What the exercise asks | Transcribe the listing exactly as written. Leave the images out.

Dataset excerpt |
= = = = = = =
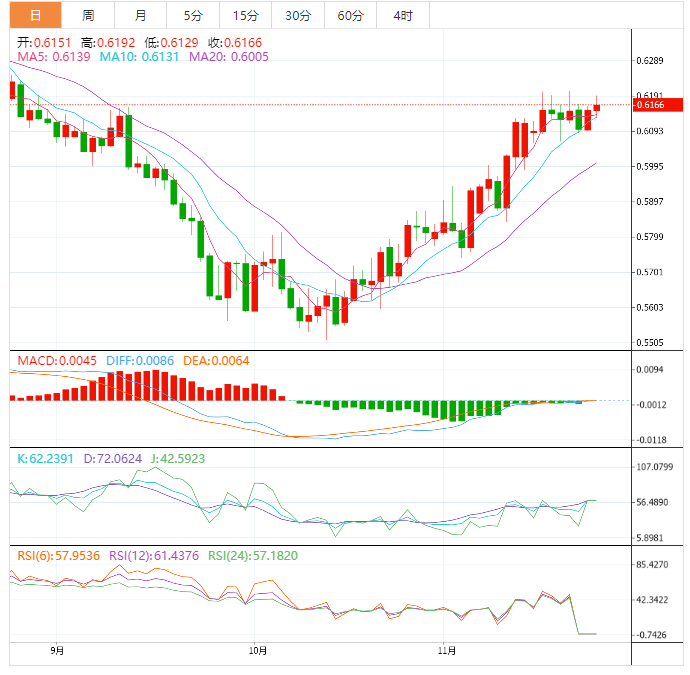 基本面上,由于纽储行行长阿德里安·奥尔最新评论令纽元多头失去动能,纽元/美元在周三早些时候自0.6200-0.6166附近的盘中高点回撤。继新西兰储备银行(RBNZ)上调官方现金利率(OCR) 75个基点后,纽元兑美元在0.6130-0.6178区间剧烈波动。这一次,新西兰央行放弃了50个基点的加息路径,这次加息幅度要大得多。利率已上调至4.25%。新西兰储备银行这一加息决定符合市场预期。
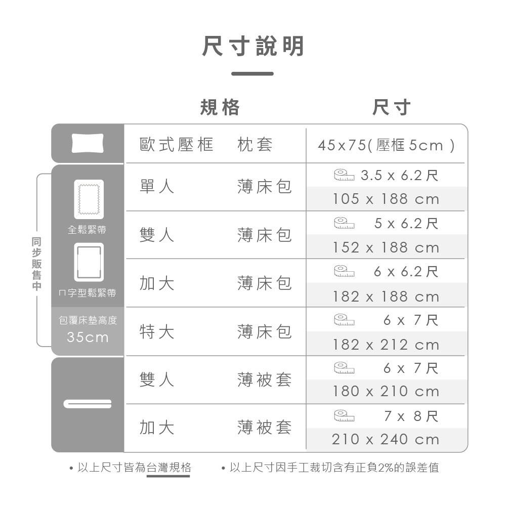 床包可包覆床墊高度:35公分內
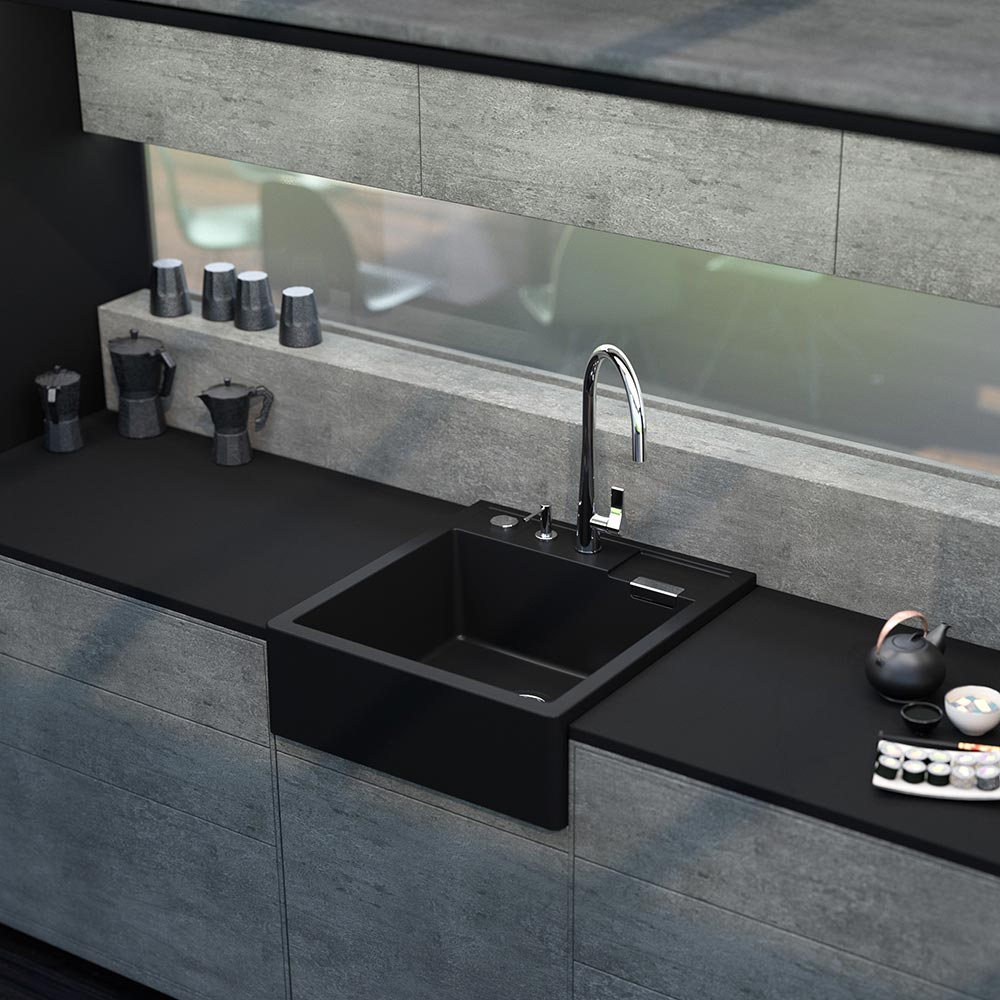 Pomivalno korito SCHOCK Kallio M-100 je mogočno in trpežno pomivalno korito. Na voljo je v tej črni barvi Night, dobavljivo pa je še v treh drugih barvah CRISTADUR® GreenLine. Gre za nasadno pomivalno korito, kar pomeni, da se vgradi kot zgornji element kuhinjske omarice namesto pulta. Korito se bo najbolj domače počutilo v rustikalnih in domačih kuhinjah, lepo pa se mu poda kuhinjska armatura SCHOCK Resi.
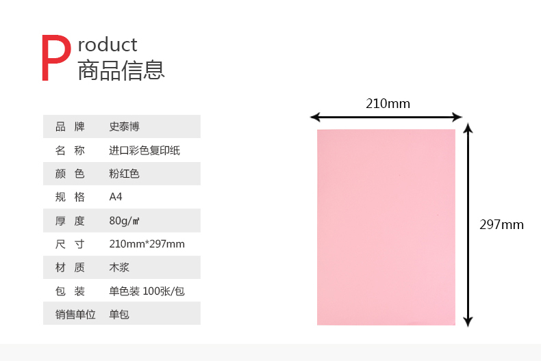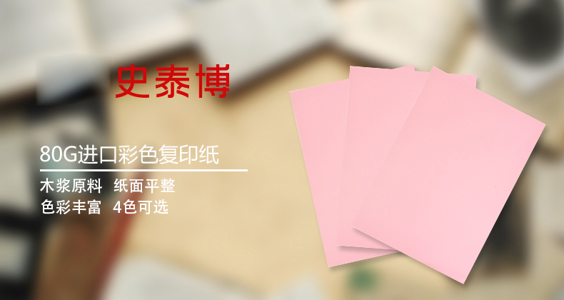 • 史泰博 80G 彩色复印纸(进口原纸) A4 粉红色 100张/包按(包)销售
= = = = = = =
Exercise response |
 基本面上,由于纽储行行长阿德里安·奥尔最新评论令纽元多头失去动能,纽元/美元在周三早些时候自0.6200-0.6166附近的盘中高点回撤。继新西兰储备银行(RBNZ)上调官方现金利率(OCR) 75个基点后,纽元兑美元在0.6130-0.6178区间剧烈波动。这一次,新西兰央行放弃了50个基点的加息路径,这次加息幅度要大得多。利率已上调至4.25%。新西兰储备银行这一加息决定符合市场预期。
 床包可包覆床墊高度:35公分內
 Pomivalno korito SCHOCK Kallio M-100 je mogočno in trpežno pomivalno korito. Na voljo je v tej črni barvi Night, dobavljivo pa je še v treh drugih barvah CRISTADUR® GreenLine. Gre za nasadno pomivalno korito, kar pomeni, da se vgradi kot zgornji element kuhinjske omarice namesto pulta. Korito se bo najbolj domače počutilo v rustikalnih in domačih kuhinjah, lepo pa se mu poda kuhinjska armatura SCHOCK Resi.
 • 史泰博 80G 彩色复印纸(进口原纸) A4 粉红色 100张/包按(包)销售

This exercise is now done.